Kandahar mayor killed by suicide bomber with explosives in turban

Taliban suspected, though Karzai ally may have been victim of grudge over destruction of illegally built homes

Afghan insurgents appeared to continue their assassination campaign against key public figures on Wednesday with the killing of the mayor of Kandahar.

Ghulam Haider Hamidi was targeted by a suicide bomber who got into the municipality compound in Kandahar City with explosives concealed under his turban. The technique was first used earlier this month in a mosque in the city during a memorial service for Ahmed Wali Karzai, a regional strongman and half-brother of the president.

Abdul Manan, a municipality employee, said the mayor had emerged from his office into the garden, where he made a call on his mobile phone.

The assassin grabbed him and detonated the bomb.

"I rushed outside and saw the mayor was lying still on the ground," said Manan. "Another headless body was next to him and the mayor had deep wounds on his face and chest.''

The death of Hamidi will raise further concerns about whether military gains by the US military in the Kandahar region, particularly in districts adjoining the city, will be undermined by the remorseless killing of top public figures.

The death comes weeks after the killing in their homes of two powerful politicians in the south: Ahmed Wali Karzai and Jan Mohammad Khan, an ally of the Karzai family and a key figure in neighbouring Uruzgan province. In April, Kandahar's police chief was killed by a suicide bomber who entered police headquarters.

A recent UN report said "targeted killings" had increased in the first half of 2011 from an already high level. Assassination attempts had caused 43 injuries and 190 deaths a 5% increase on the same period in 2010.

"Every death piles on top of the other and leads to a sense of demoralisation, that nobody is safe," said Martine van Bijlert, co-director of the Afghanistan Analysts Network.

"Previously these attacks were carried out when the targets were o! n the mo ve, either in their cars or on the way to the mosque or somewhere else where they were vulnerable. But now we have this recent development where assassins are able to enter secure areas and target people there."

Hamidi, an Afghan-American who worked as an accountant in the US for 20 years, was nowhere near as politically important as Ahmed Wali Karzai. Although Karzai held an elected position as the head of the provincial council, he was a powerbroker who wielded enormous power through his control of the war economy.

US strategy in the south has been to try to build the influence of formal institutions and government officials against such informal "malign actors". Hamidi held an official position but was also very much part of the Karzai family network in the south, to which he owed his job. It had been rumoured that he might take the lead role in the province after the killing of Ahmed Wali.

As well as being a target of insurgents attempting to weaken the government in any way possible, Hamidi had made plenty of enemies among businessmen and power brokers who felt excluded from war economy contracts, projects and other get-rich schemes that have largely benefited the extended Karzai family and its tribal allies.

The fact that the Taliban's spokesmen were relatively slow to claim credit for the assassination prompted speculation that his killing could be the result of a personal grudge.

Hamidi was attacked in some quarters over the Aino Minna development, a somewhat surreal US-style suburb on the edge of Kandahar City. In part developed by Mahmoud Karzai, one of the Afghan president's controversial brothers, the scheme has been criticised for being built on land once owned by the ministry of defence that was sold cheaply after intense lobbying, some from Hamidi.

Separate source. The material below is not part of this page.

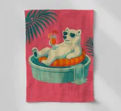 Une illustration fantaisiste et vibrante d'un ours polaire vivant sa vie au mieux - lunettes de soleil, cocktail à la patte, et flottant dans une piscine pour enfants avec une mini-cascade. Sur un fond tropical rose vif, cette œuvre d'art apporte une touche d'humour et de fraîcheur à n'importe quel espace. Parfait pour les amateurs d'art excentrique, d'esthétique rétro et d'attitude décontractée. Que ce soit pour votre salon, votre bureau ou votre maison d'été, cette œuvre garantit des sourires.

At the time of his assassination Hamidi's office was surrounded by around 100 protesters, furious at the municipality's destruction of houses built illegally on government land in recent days in the Loy Wala a! rea of K andahar.

One protester, Hajji Lal Mohammad, said the mayor had sparked outrage in the community where the houses were destroyed, apparently killing two children.

"They destroyed 200 houses and two children were killed," he said. "When I saw the bulldozers I also wanted to kill the mayor."

The governor of Kandahar, Toryalai Wesa, warned the "land mafia" who illegally occupy land that "you might be happy that the mayor is gone but we will stand and we will destroy illegal houses".

Although a statement by the governor's office seemed to suggest that the land issue was the reason the mayor had been killed, the governor said it was too early to say who was responsible and that the killing was being investigated.